The Abyss. A man-made complex of rigid steel tunnels partially embedded into the floor and side of the lowermost point of the Deep, abandoned and resumed no less than six times during its construction. A decade and a half the Abyss had existed, half laboratory and half hubris, initially supporting a crew of twoscore enthused researchers... which had dwindled to perhaps eight or ten stubborn souls by now, plus a pair of very necessary psychologists.

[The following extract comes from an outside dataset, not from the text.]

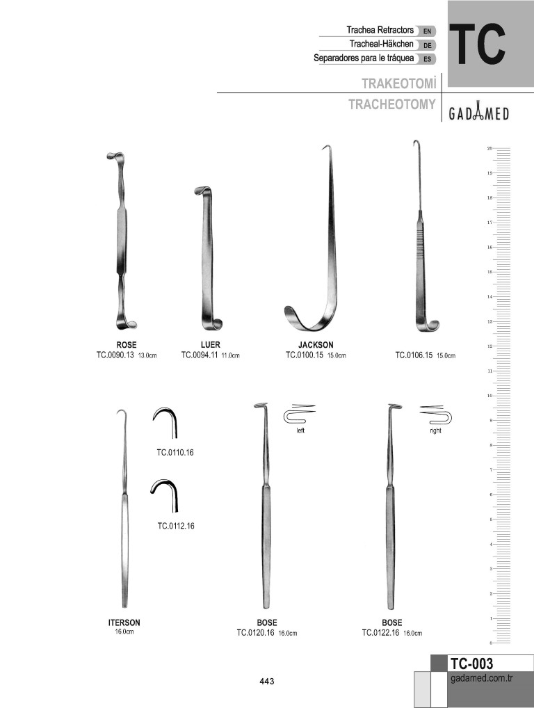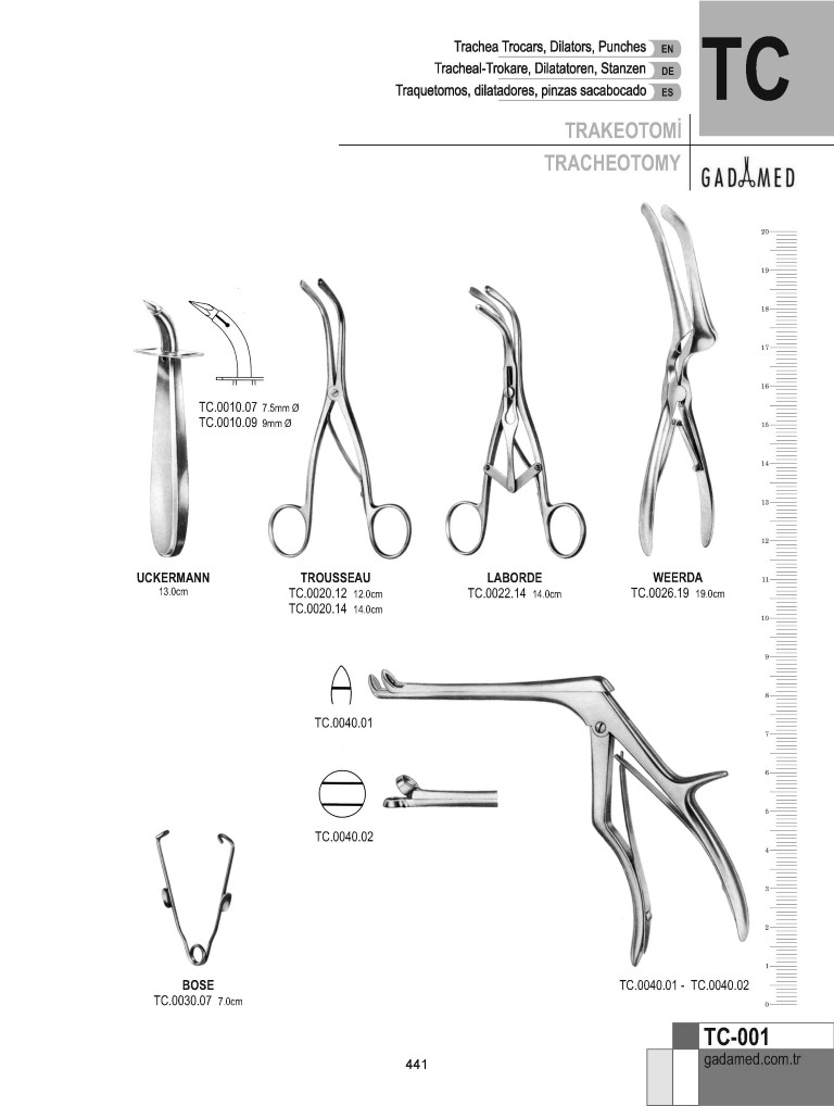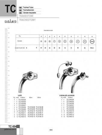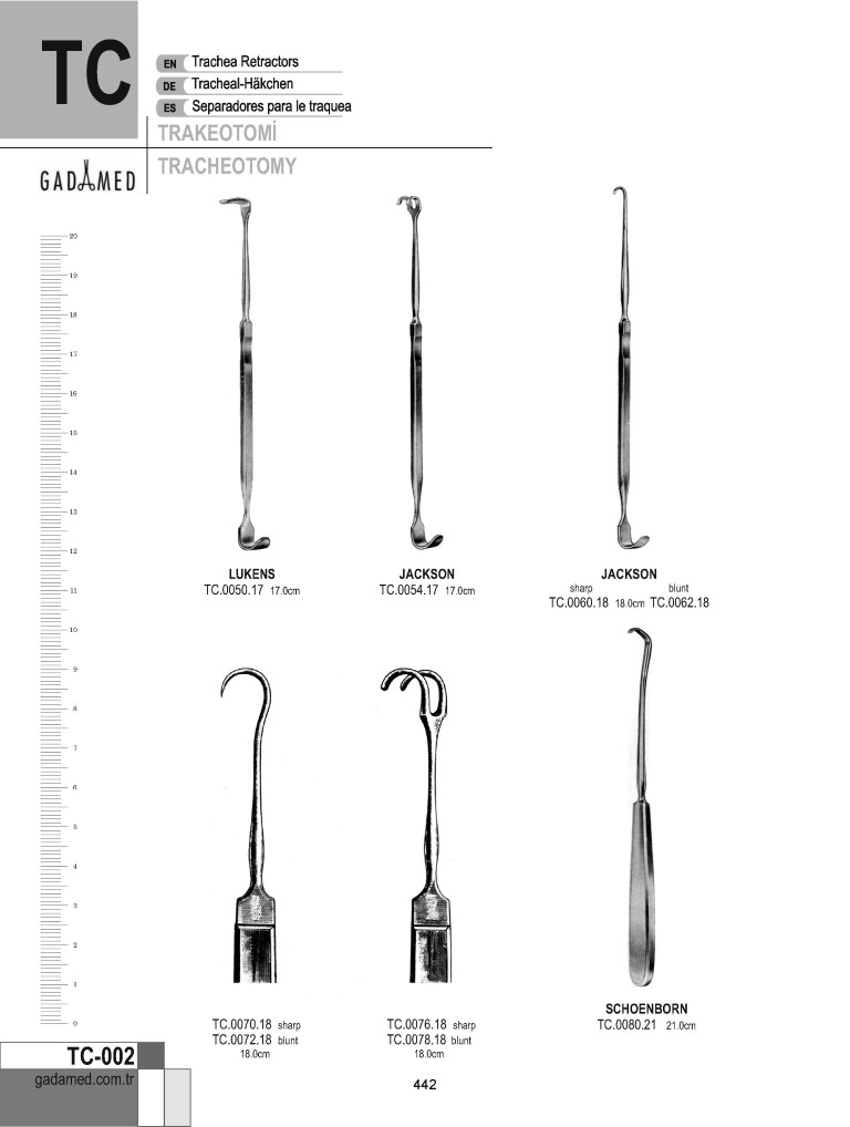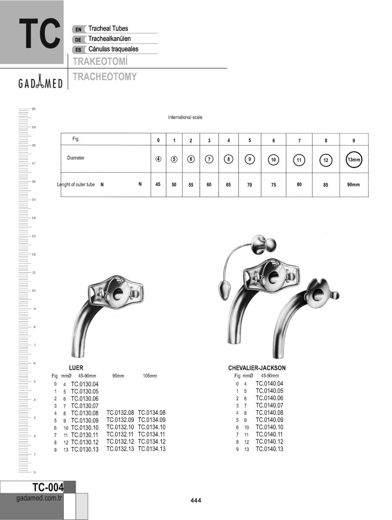 TC.0010.07 8681091053735 UCKERMANN TROKAR 8MM 13CM TC.0010.09 8681091053742 UCKERMANN TROKAR 10MM 13CM TC.0020.12 8681091053759 TROUSSEAU (BOWLBY) TRAKEAL DİLATÖR 12CM TC.0020.14 8681091053766 TROUSSEAU (BOWLBY) TRAKEAL DİLATÖR 14CM TC.0022.14 8681091053773 LABORDE TRAKEAL DİLATÖR 14CM TC.0026.19 8681091053780 WEERDA TRAKEOSTOMİ AYIRICI 19CM TC.0030.07 8681091053797 BOSE TRAKEAL AYIRICI 7CM TC.0040.01 8681091053803 TRAKEOSTOMİ PANÇI TC.0040.02 8681091053810 TRAKEOSTOMİ PANÇI TC.0050.17 8681091053827 LUKENS (TRACHEA) TİMUS EKARTÖRÜ D/E 17CM TC.0054.17 8681091053834 JACKSON TRAKE KANCASI ÇİFTE 17CM TC.0060.18 8681091053841 JACKSON TRAKE EKARTÖRÜ D/E KESKİN 18CM TC.0062.18 8681091053858 JACKSON TRAKE EKARTÖRÜ D/E KÜNT 18CM TC.0070.18 8681091053865 TRAKEAL KANCA TEK KESKİN 18CM TC.0072.18 8681091053872 TRAKEAL KANCA TEK KÜNT 18CM TC.0076.18 8681091053889 TRAKEAL KANCA ÇİFT KESKİN 18CM TC.0078.18 8681091053896 TRAKEAL KANCA ÇİFT KÜNT 18CM TC.0080.21 8681091053902 SCHOENBORN TİMÜS EKARTÖRÜ 6X13MM, 20.5CM TC.0090.13 8681091053919 ROSE TRAKE KANCASI ÇİFT UÇLU 13CM TC.0094.11 8681091053926 LEUR TRAKE EKARTÖRÜ 11CM TC.0100.15 8681091053933 JACKSON TRAKE KANCASI 15CM TC.0106.15 8681091053940 NEWS TRAKE EKARTÖRÜ D/E 15CM TC.0110.16 8681091053957 ITERSON TRAKE KANCASI KESKİN 16CM TC.0112.16 8681091053964 ITERSON TRAKE KANCASI KÜNT 16CM TC.0120.16 8681091053971 BOSE TRAKEOSTOMİ KANCASI SOL 16CM TC.0122.16 8681091053988 BOSE TRAKEOSTOMİ KANCASI SAĞ 16CM TC.0130.04 8681091053995 LUER TRAKE TÜPÜ ŞEK.0, 4MM S/P TC.0130.05 8681091054008 LUER TRAKE TÜPÜ ŞEK.1, 5MM S/P TC.0130.06 8681091054015 LUER TRAKE TÜPÜ ŞEK.2, 6MM S/P TC.0130.07 8681091054022 LUER TRAKE TÜPÜ ŞEK.3, 7MM S/P TC.0130.08 8681091054039 LUER TRAKE TÜPÜ ŞEK.4, 8MM S/P TC.0130.09 8681091054046 LUER TRAKE TÜPÜ ŞEK.5, 9MM S/P TC.0130.10 8681091054053 LUER TRAKE TÜPÜ ŞEK.6, 10MM S/P TC.0130.11 8681091054060 LUER TRAKE TÜPÜ ŞEK.7, 11MM S/P TC.0130.12 8681091054077 LUER TRAKE TÜPÜ ŞEK. 8, 12MM S/P TC.0130.13 8681091054084 LUER TRAKE TÜPÜ ŞEK.9, 13MM S/P TC.0132.08 8681091054091 LUER TRAKE TÜPÜ 8MMx95MM S/P ŞEK.4 TC.0132.09 8681091054107 LUER TRAKE TÜPÜ 9MMx95MM S/P ŞEK.5 TC.0132.10 8681091054114 LUER TRAKE TÜPÜ 10MMx95MM S/P ŞEK.6 TC.0132.11 8681091054121 LUER TRAKE TÜPÜ 11MMx95MM S/P ŞEK.7 TC.0132.12 8681091054138 LUER TRAKE TÜPÜ 12MMx95MM S/P ŞEK.8 TC.0132.13 8681091054145 LUER TRAKE TÜPÜ 13MMx95MM S/P ŞEK.9 TC.0134.08 8681091054152 LUER TRAKE TÜPÜ 8MMx105MM S/P ŞEK.4 TC.0134.09 8681091054169 LUER TRAKE TÜPÜ 9MMx105MM S/P ŞEK.5 TC.0134.10 8681091054176 LUER TRAKE TÜPÜ 10MMx105MM S/P ŞEK. 6 TC.0134.11 8681091054183 LUER TRAKE TÜPÜ 11MMx105MM S/P ŞEK.7 TC.0134.12 8681091054190 LUER TRAKE TÜPÜ 12MMx105MM S/P ŞEK. 8 TC.0134.13 8681091054206 LUER TRAKE TÜPÜ 13MMx105MM S/P ŞEK.9 TC.0140.04 8681091054213 JACKSON TRAKE TÜPLERİ ŞEK.0, 4MM S/P TC.0140.05 8681091054220 JACKSON TRAKE TÜPLERİ ŞEK.1, 5MM S/P TC.0140.06 8681091054237 JACKSON TRAKE TÜPLERİ ŞEK.2, 6MM S/P TC.0140.07 8681091054244 JACKSON TRAKE TÜPLERİ ŞEK.3, 7MM S/P TC.0140.08 8681091054251 JACKSON TRAKE TÜPLERİ ŞEK.4, 8MM S/P TC.0140.09 8681091054268 JACKSON TRAKE TÜPLERİ ŞEK.5, 9MM S/P TC.0140.10 8681091054275 JACKSON TRAKE TÜPLERİ ŞEK.6, 10MM S/P TC.0140.11 8681091054282 JACKSON TRAKE TÜPLERİ ŞEK.7, 11MM S/P TC.0140.12 8681091054299 JACKSON TRAKE TÜPLERİ ŞEK.8, 12MM S/P TC.0140.13 8681091054305 JACKSON TRAKE TÜPLERİ ŞEK.9, 13MM S/P TC.0150.04 8681091054312 KRISHABER TRAKE TÜPÜ ŞEK.0, 4MM S/P TC.0150.05 8681091054329 KRISHABER TRAKE TÜPÜ ŞEK.1, 5MM S/P TC.0150.06 8681091054336 KRISHABER TRAKE TÜPÜ ŞEK.2, 6MM S/P TC.0150.07 8681091054343 KRISHABER TRAKE TÜPÜ ŞEK.3, 7MM S/P TC.0150.08 8681091054350 KRISHABER TRAKE TÜPÜ ŞEK.4, 8MM S/P TC.0150.09 8681091054367 KRISHABER TRAKE TÜPÜ ŞEK.5, 9MM S/P TC.0150.10 8681091054374 KRISHABER TRAKE TÜPÜ ŞEK.6, 10MM S/P TC.0150.11 8681091054381 KRISHABER TRAKE TÜPÜ ŞEK.7, 11MM S/P TC.0150.12 8681091054398 KRISHABER TRAKE TÜPÜ ŞEK.8, 12MM S/P TC.0152.04 8681091054404 KRISHABER LUER TÜPÜ ŞEK.0, 4MM S/P TC.0152.05 8681091054411 KRISHABER LUER TÜPÜ ŞEK.1, 5MM S/P TC.0152.06 8681091054428 KRISHABER LUER TÜPÜ ŞEK.2, 6MM S/P TC.0152.07 8681091054435 KRISHABER LUER TÜPÜ ŞEK.3, 7MM S/P TC.0152.08 8681091054442 KRISHABER LUER TÜPÜ ŞEK.5, 8MM S/P TC.0152.09 8681091054459 KRISHABER LUER TÜPÜ ŞEK.5, 9MM S/P TC.0152.10 8681091054466 KRISHABER LUER TÜPÜ ŞEK.6, 10MM S/P TC.0152.11 8681091054473 KRISHABER LUER TÜPÜ ŞEK.7, 11MM S/P TC.0152.12 8681091054480 KRISHABER LUER TÜPÜ ŞEK.8, 12MM S/P TC.0160.16 8681091054497 PARKER TRAKE TÜPÜ ŞEK.1, 16FG S/P TC.0160.18 8681091054503 PARKER TRAKE TÜPÜ ŞEK.2, 18FG S/P TC.0160.20 8681091054510 PARKER TRAKE TÜPÜ ŞEK.3, 20FG S/P TC.0160.22 8681091054527 PARKER TRAKE TÜPÜ ŞEK.4, 22FG S/P TC.0160.24 8681091054534 PARKER TRAKE TÜPÜ ŞEK.5, 24FG S/P TC.0160.26 8681091054541 PARKER TRAKE TÜPÜ ŞEK.6, 26FG S/P TC.0160.28 8681091054558 PARKER TRAKE TÜPÜ ŞEK.7, 28FG S/P TC.0160.30 8681091054565 PARKER TRAKE TÜPÜ ŞEK.8, 30FG S/P TC.0160.32 8681091054572 PARKER TRAKE TÜPÜ ŞEK.9, 32FG S/P TC.0170.04 8681091054589 COLLIN TRAKE TÜPÜ ŞEK.0, 4MM S/P TC.0170.05 8681091054596 COLLIN TRAKE TÜPÜ ŞEK.1, 5MM S/P TC.0170.06 8681091054602 COLLIN TRAKE TÜPÜ ŞEK.2, 6MM S/P TC.0170.07 8681091054619 COLLIN TRAKE TÜPÜ ŞEK.3, 7MM S/P TC.0170.08 8681091054626 COLLIN TRAKE TÜPÜ ŞEK.4, 8MM S/P TC.0170.09 8681091054633 COLLIN TRAKE TÜPÜ ŞEK.5, 9MM S/P TC.0170.10 8681091054640 COLLIN TRAKE TÜPÜ ŞEK.6, 10MM S/P TC.0170.11 8681091054657 COLLIN TRAKE TÜPÜ ŞEK.7, 11MM S/P TC.0170.12 8681091054664 COLLIN TRAKE TÜPÜ ŞEK.8, 12MM S/P TC.0180.18 8681091054671 FULLER TRAKE TÜPÜ ŞEK.1, 18FG S/P TC.0180.20 8681091054688 FULLER TRAKE TÜPÜ ŞEK.2, 20FG S/P TC.0180.22 8681091054695 FULLER TRAKE TÜPÜ ŞEK.3, 22FG S/P TC.0180.24 8681091054701

Because there was no oil. No magma, no new mineral worthy of mining. No new strain of jellyfish or squid to be named for someone with more stock shares than cells in his body. Nothing living could survive down here: so frigid, so lightless, so completely and constantly crushed by countless billions of tons of salt water... a geologist, maybe, could consider the huge hole a lifetime's joy for how it rotted inwards and downwards like a cavity in a tooth, like a tomb broken into from the top: but hardly a zoologist, and even less a tycoon. How many embittered jokes in his circle had compared it to Mars, for how barren it was, how costly it was to traverse, and how spitefully it seemed to delight in yielding up nothing at all? An unnerving lifelessness, compared to the world it just barely seemed part of. Bacteria, he'd heard. There were two or three stubborn strains of bacteria here, just in traces, and just as likely to have survived in lava, acid, or bleach. Some posited they had been brought here by the builders of the Abyss itself. Blind, invisible and silent, they alone were born and somehow found sustenance here.

Until now, it would seem.

He could hardly keep up, she was walking so fast. And it did not help that she was trying to lighten up the mood with altogether the wrong kind of humor. He gave a weak laugh at her deadpan sarcasm and wished he had been allowed the chance to drink before the trip down.

It was not enough to appease her: she was dedicated to the bit. The line between her eyebrows did not smooth even a fraction, and in fact she looked put out. She hugged her clipboard to her chest as she walked, glaring him down as if she expected an earnest response. Could she... no. Not funny. Not even a little. He stopped walking in nervous confusion, frowning at her.